(Records excerpted from a collection)
· · · ·

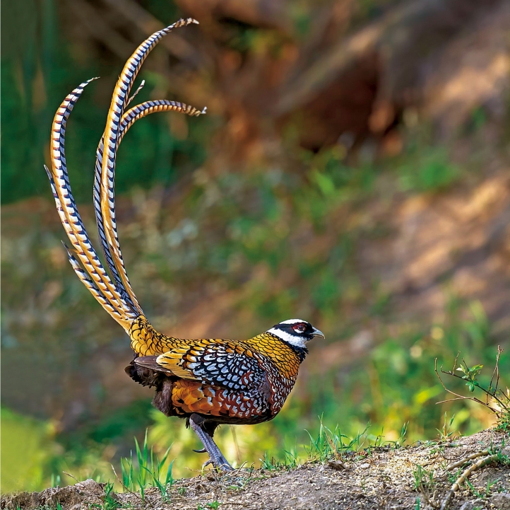 外形特征:大型雉科鸟类,雄鸟体长141~197cm,雌鸟体长56~69cm。雄鸟头顶和颏、喉、颈均为白色,嘴基至后枕具一黑色宽带。脸部裸皮红色,颈部黑白两色,形成明显颈环。上体余部金黄,具黑褐色鳞状斑。中央两对尾羽特长,有两条黑栗并列的横带。下体栗红色,具黑白色斑。雌鸟上体主要为棕褐色,下体浅栗棕色,各羽具明显白色天状斑,尾羽较雄鸟短。虹膜深褐色;嘴角质色;跗跖灰褐色。
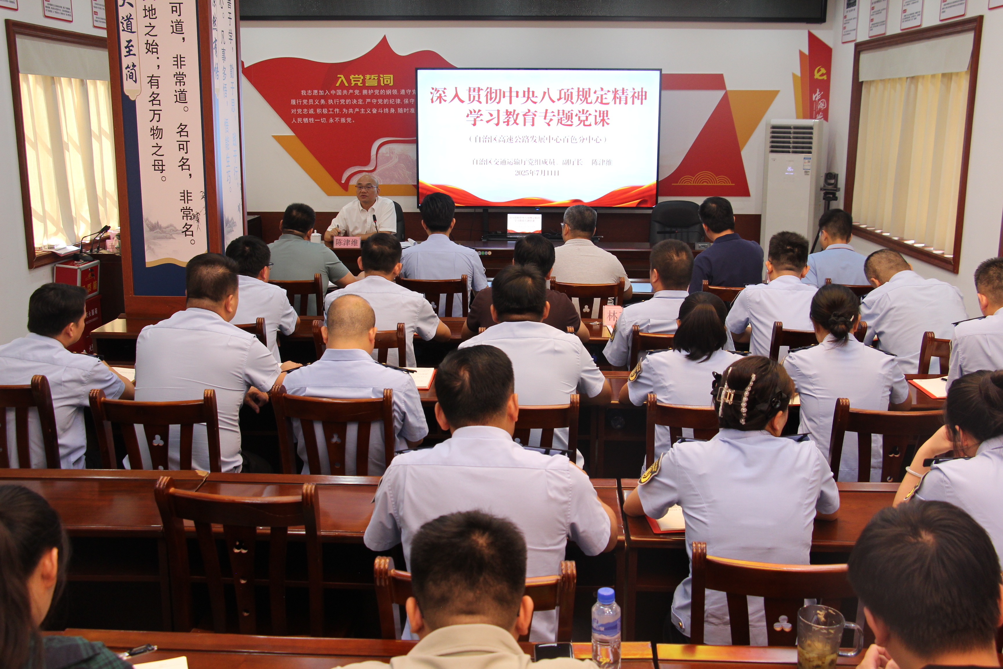 近日,嘟嘟成人网 党组成员、副厅长陈津维到基层联系点自治区高速公路发展中心百色分中心讲授深入贯彻中央八项规定精神学习教育专题党课。
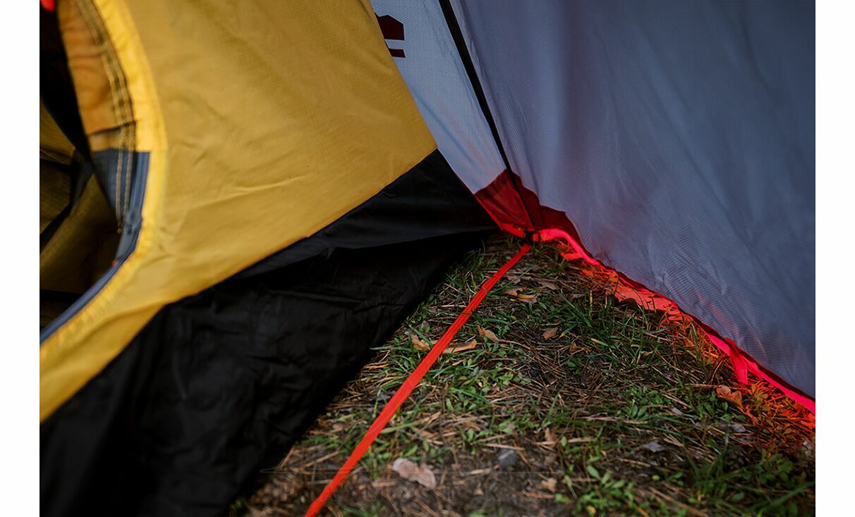 - Штормові відтяжки зі світлоповертаючими елементами для фіксації намету, добре помітні у світлі ліхтаря.
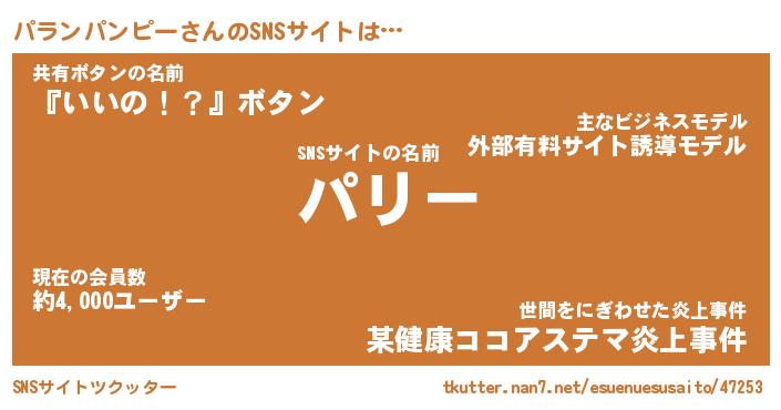 | 男性向けラノベタイトル風あだ名 | 『パランパンピーの憂鬱』 |
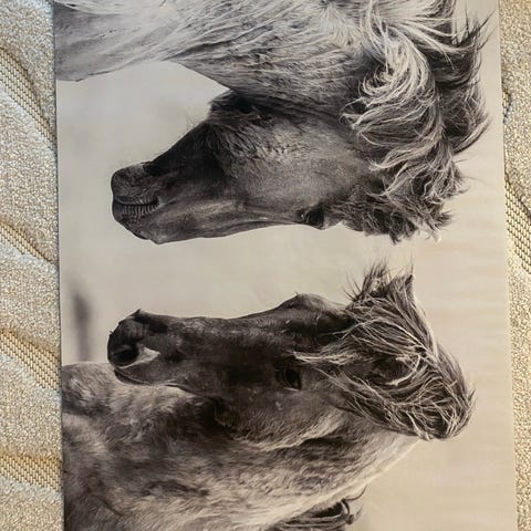 Kaunis ja herkkä kehystetty hevostaulu, canvas. 72cm x 52cm.
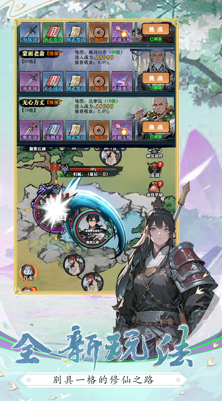 1、放置空闲游戏可以轻松获得经验值和资源,多种武术,自由结合,创造出独特的战斗风格。
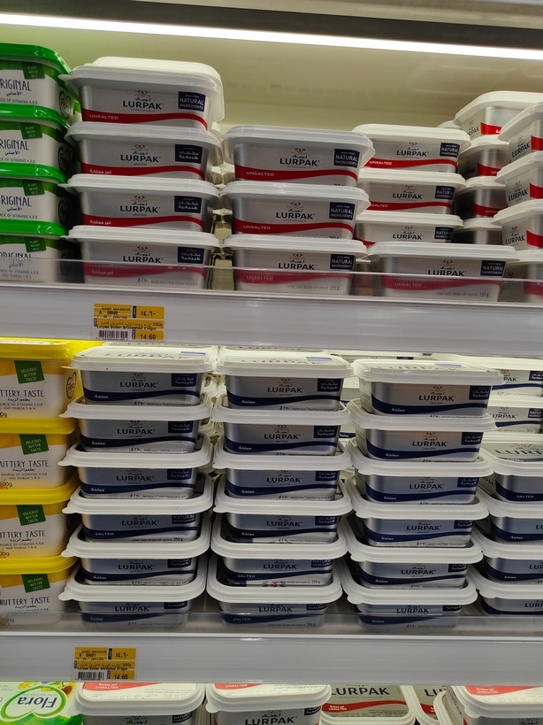 Я так и не понял, является ли продукция с фото 100% маслом (сам масла не ем), но по упаковке, внешнему виду и надписям «солёное»/ «не солёное» должно быть масло. Пачка на 250 грамм стоит 4,35 дирхам, 300 рублей или 4 доллара.
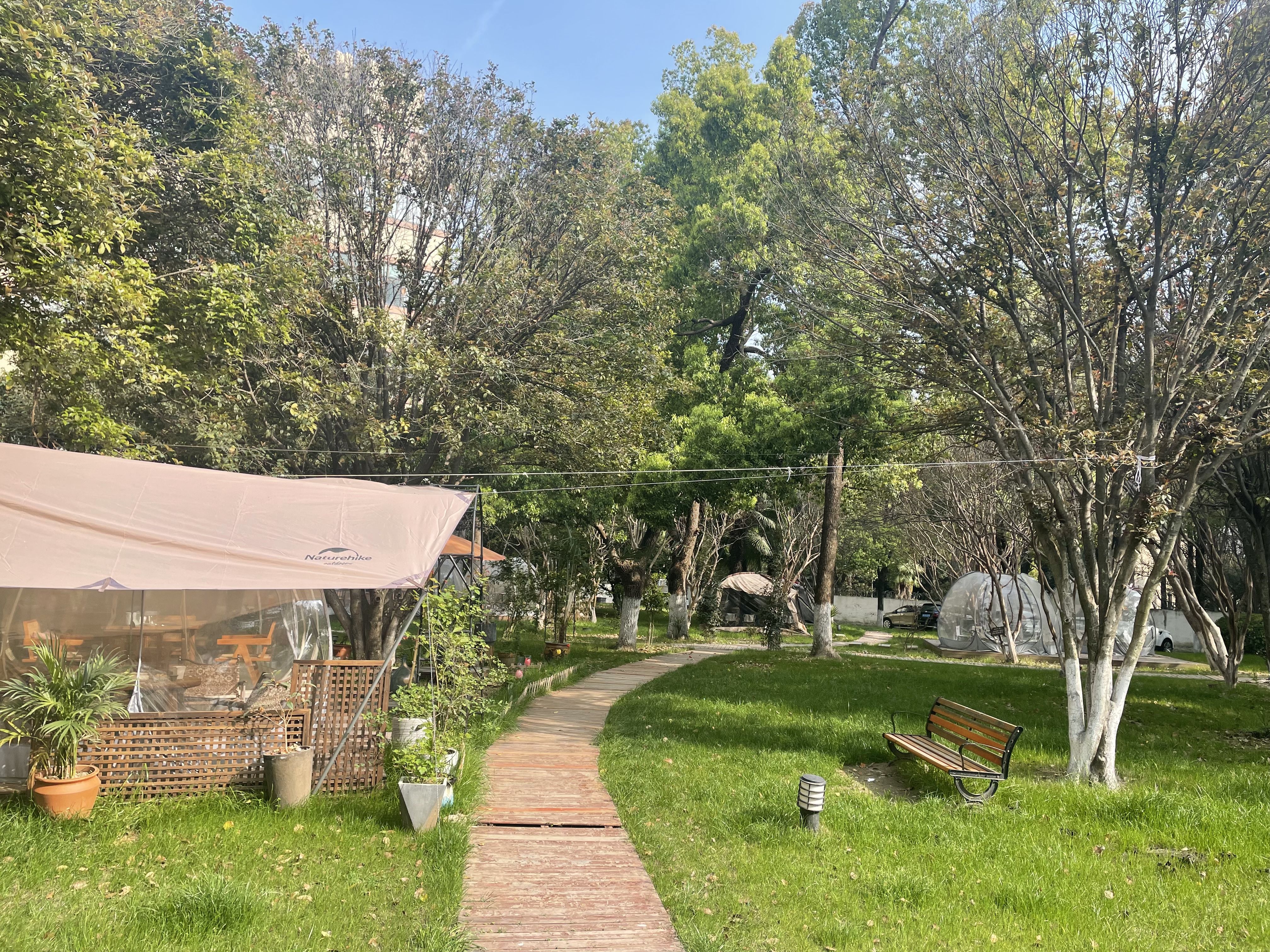 油画般的草坪,摆上几张露营风的桌椅,从吧台端来几杯手冲咖啡,三五好友坐下悠闲地聊天——这或许是很多人理想的生活状态。
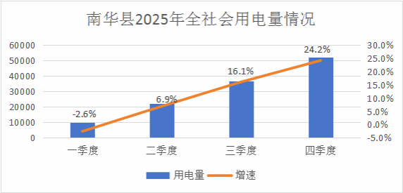 (一)由负转正,总量增速双突破。2025年,南华县全社会用电量累计52168.9万千瓦时,同比增长24.2%,较年初一季度负增长2.6%实现强势反转,增速高于全州17.7个百分点,创近三年来年度增速新高,彰显县域经济强劲复苏活力。
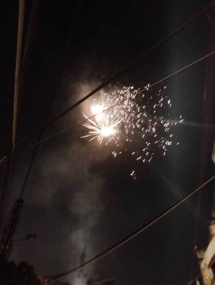 Against a dark night sky, a bright firework explodes. The main burst is a radiant white with distinct rays emanating from a central point. Around the primary explosion, smaller glittering fragments disperse in a semi-circular pattern. Several dark, diagonal power lines run across the scene, adding an urban element. Smoke from the firework fills the lower portion of the frame, partially obscuring dark shapes that suggest buildings or trees.
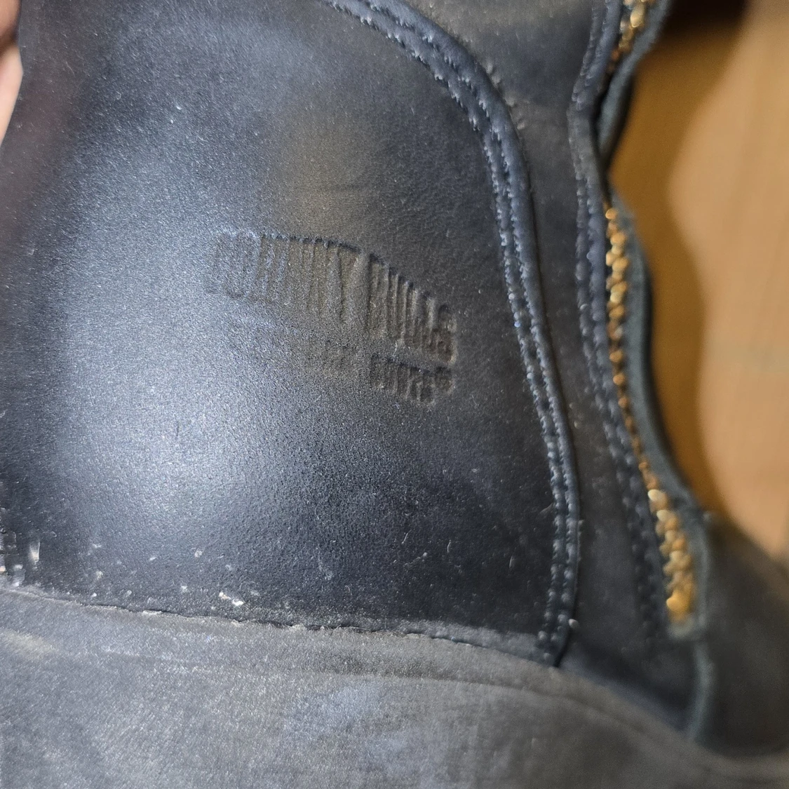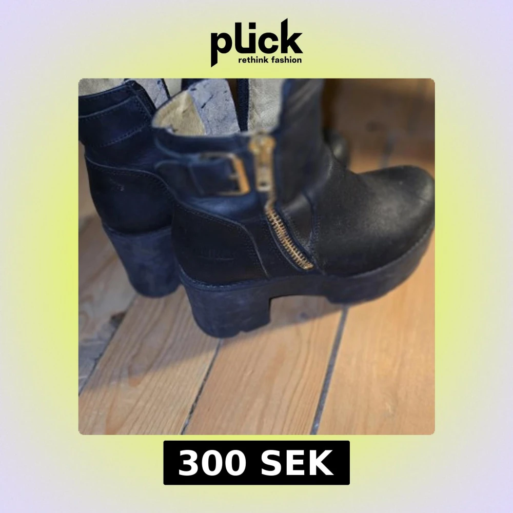 Säljer ett par svarta boots från Johnny Bulls med grov klack, dragkedja i guld och spänne vid skaftet. Skorna är i skinn och har en robust, chunky sula som ger en cool look. Perfekta för dig som gillar en tuffare stil.

· · · ·

WHAT IS EXPECTED.
Please transcribe exactly the lines from the one that contains "(一)由负转正,总量增速双突" through the closing line of the entries, with no pictures.

RESPONSE AREA.
 (一)由负转正,总量增速双突破。2025年,南华县全社会用电量累计52168.9万千瓦时,同比增长24.2%,较年初一季度负增长2.6%实现强势反转,增速高于全州17.7个百分点,创近三年来年度增速新高,彰显县域经济强劲复苏活力。
 Against a dark night sky, a bright firework explodes. The main burst is a radiant white with distinct rays emanating from a central point. Around the primary explosion, smaller glittering fragments disperse in a semi-circular pattern. Several dark, diagonal power lines run across the scene, adding an urban element. Smoke from the firework fills the lower portion of the frame, partially obscuring dark shapes that suggest buildings or trees.
 Säljer ett par svarta boots från Johnny Bulls med grov klack, dragkedja i guld och spänne vid skaftet. Skorna är i skinn och har en robust, chunky sula som ger en cool look. Perfekta för dig som gillar en tuffare stil.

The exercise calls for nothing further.